Ugandan troops stepped up their deployment in eastern DR Congo on Wednesday, witnesses said, on the second day of an operation against the notorious ADF rebel group launched in cooperation with Kinshasa.
"Right now, at noon, they are arriving aboard armour-plated cars, with escorts from members of the local security services," Tony Kitambala, a freelance journalist based in North Kivu province, said at Nobili on the border.
Ugandan soldiers were seen crossing there into the Democratic Republic of Congo (DRC) on Tuesday after their armed forces launched air and artillery strikes from within Ugandan territory.
The target is the Allied Democratic Forces (ADF) -- a group blamed for massacres in eastern DRC and attacks in the Ugandan capital, and which the so-called Islamic State describes as an affiliate.
The DRC last week gave its approval to a Ugandan offer to pursue the ADF on its soil, where it has holed up since the mid-1990s.
An aid worker in Nobili said "air strikes on ADF positions continued last evening" but the situation was calm on Wednesday.

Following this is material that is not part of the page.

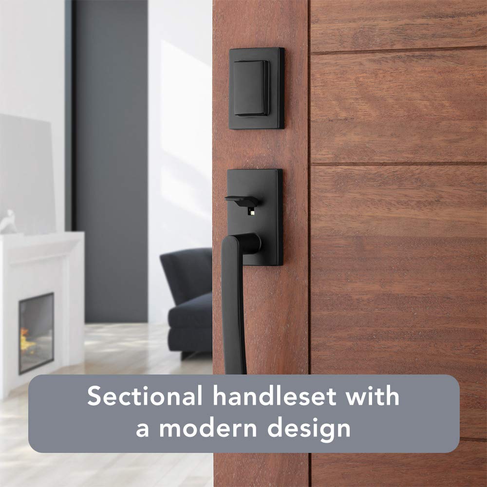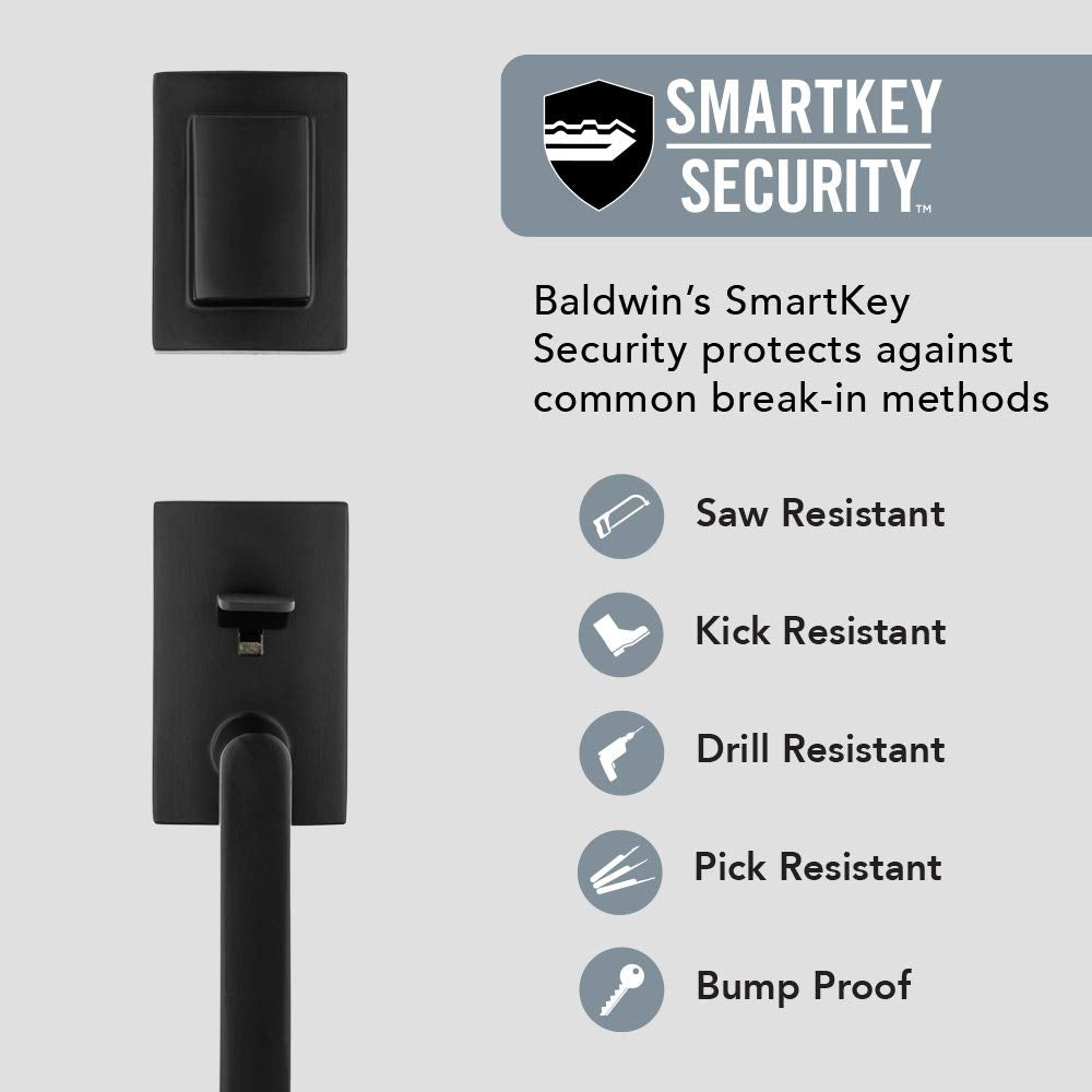 Baldwin Prestige offers a sectional handleset for your SmartKey front door in a Matte Black finish with a low profile door handle design. This modern front door lock is a single cylinder entry set shown in a Matte Black finish. This entry door handleset includes 2 keys; Lifetime mechanical and finish . Featuring SmartKey Security; re-key the lock yourself in seconds in 3 easy steps with a SmartKey door handle. This exterior door lock fits standard door preparations: 1-3/8' to 1-3/4' thick. Introducing Spyglass, Baldwin’s newest addition to its Prestige family of products, which offers effortless style and luxury and is available in retail stores across the nation. Spyglass is a transitional collection inspired by elegant, traditional designs and influenced by contemporary elements such as sleek lines and geometric shapes. Linear details and a gorgeous raised, beveled edge, create dimension and give Spyglass a statement-making look intended to make an impact at first touch. Baldwin door locks and door handles offer elegance and style for every home. This deadbolt handleset combo comes in a beautiful Matte Black. With a smartkey deadbolt easily rekey your lock in three steps. This silver handleset is similar to a brushed nickel handleset, with a modern and contemporary design. With clean lines this square lock is a single cylinder deadbolt that is keyed on one side.

"This morning, the UPDF (Ugandan armed forces) has been reinforcing its troops with men, ammunition and military trucks," he said.
A senior DRC military officer said Congolese troops were heading towards Beni, the capital of North Kivu province, from neighbouring South Kivu.
There has been no official indication of the number of troops being deployed, or how long the operation will last.
On Tuesday, the Ugandan armed forces spokesman said the bombardments had successfully hit their targets, and that ground operations would hunt down "terrorists."
The DRC's military spokesman said late Tuesday that "search and control" operations were under way at the bombarded ADF locations, and that a situation report on the operation would soon be made public.
The DR Congo's Catholic Church says the ADF has killed around 6,000 civilians since 2013 while a respected monitor, the Kivu Security Tracker, blames it for more than 1,200 deaths in the area alone since 2017.
The Ugandan authorities have accused the ADF or a local group affiliated with it of carrying out or planning a string of attacks this year.
On November 16, four people were killed and 33 wounded in twin suicide bombings in Kampala. Police blamed the blast on a "domestic terror group" that it said was linked to the ADF.
Since April 2019, some ADF attacks in eastern DR Congo have been claimed by IS, which describes the group as its Islamic State Central Africa Province offshoot.
In March, the United States placed the ADF on its list of "terrorist" organisations linked to IS.